◆ THE TASK:
A faithful copy of the data, pictures omitted, is the required answer.

◆ DATA SUPPLIED:
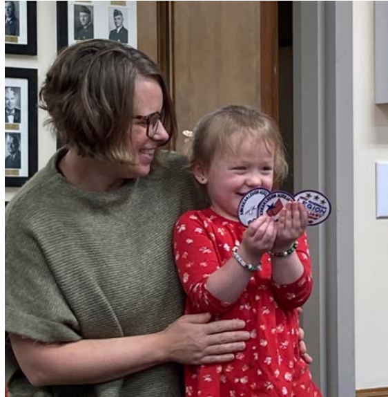
INDIANA'S OWN LITTLE LEADING LADY: The first Junior in the nation to earn ALL patches in the new Purple Level (ages 3-K) for the Junior Patch Program.
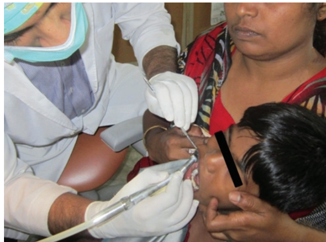
Fig. 4: Orientation appointment
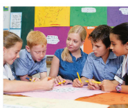
First Day Orientation & Classes
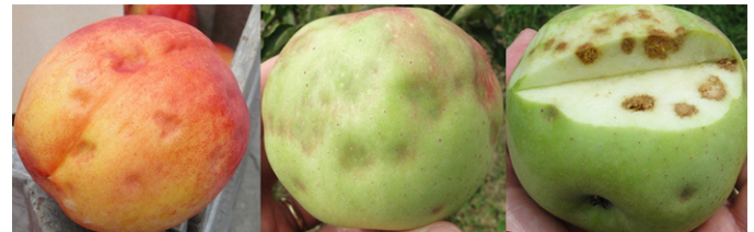
Fig. 2. Feeding causes necrotic lesions and pits. 2

Adult BMSB are strong fliers and adept hitchhikers. They can move from one host site to another in just a few hours. Like other "true bugs," they feed by inserting their straw-like mouthparts into the plant to suck out the sap. BMSB will feed on leaves, seeds, fruits, and even through the bark of young trees. Feeding causes areas of collapsed tissue that becomes dried and necrotic (dark colored), and can also introduce disease pathogens into the plant. On crops such as tree fruits and some vegetables this damage is generally visible on the surface as necrotic lesions (Fig. 2), but BMSB feeding can also cause deeper, less obvious damage. Some growers have found that a crop that was seemingly clean at harvest will show damage after 4-5 weeks in storage.
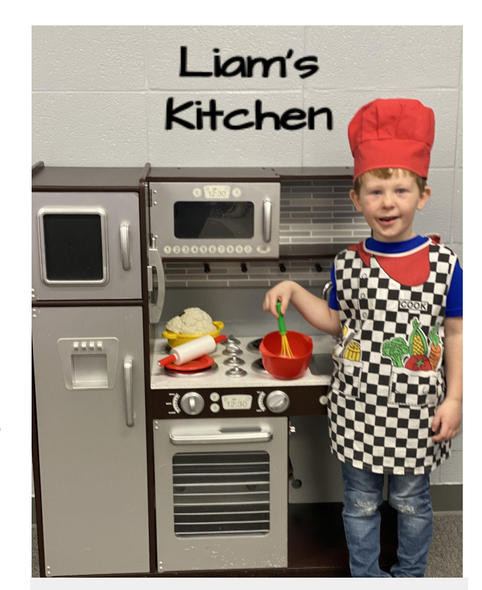
Happy Thanksgiving 2021

How many people will be at Thanksgiving with you? My mom and dad and brothers and my one sister.
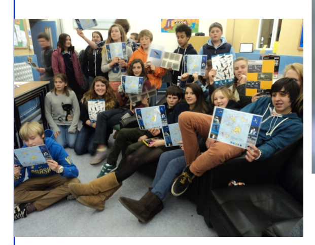
Youth Hub members in support of the project.

The Local Authority's Extended Services 'Youth Hub' also gave a thumbs-up to getting involved and backing the project. 'Youth Hub' members are always keen to learn more about and explore the natural environment on Scilly and they are currently looking forward to finding out more about the islands' seabird heritage as part of their out of school activities.

◆ SOLUTION TO THIS EXERCISE:
INDIANA'S OWN LITTLE LEADING LADY: The first Junior in the nation to earn ALL patches in the new Purple Level (ages 3-K) for the Junior Patch Program.
Fig. 4: Orientation appointment
First Day Orientation & Classes
Fig. 2. Feeding causes necrotic lesions and pits. 2

Adult BMSB are strong fliers and adept hitchhikers. They can move from one host site to another in just a few hours. Like other "true bugs," they feed by inserting their straw-like mouthparts into the plant to suck out the sap. BMSB will feed on leaves, seeds, fruits, and even through the bark of young trees. Feeding causes areas of collapsed tissue that becomes dried and necrotic (dark colored), and can also introduce disease pathogens into the plant. On crops such as tree fruits and some vegetables this damage is generally visible on the surface as necrotic lesions (Fig. 2), but BMSB feeding can also cause deeper, less obvious damage. Some growers have found that a crop that was seemingly clean at harvest will show damage after 4-5 weeks in storage.
Happy Thanksgiving 2021

How many people will be at Thanksgiving with you? My mom and dad and brothers and my one sister.
Youth Hub members in support of the project.

The Local Authority's Extended Services 'Youth Hub' also gave a thumbs-up to getting involved and backing the project. 'Youth Hub' members are always keen to learn more about and explore the natural environment on Scilly and they are currently looking forward to finding out more about the islands' seabird heritage as part of their out of school activities.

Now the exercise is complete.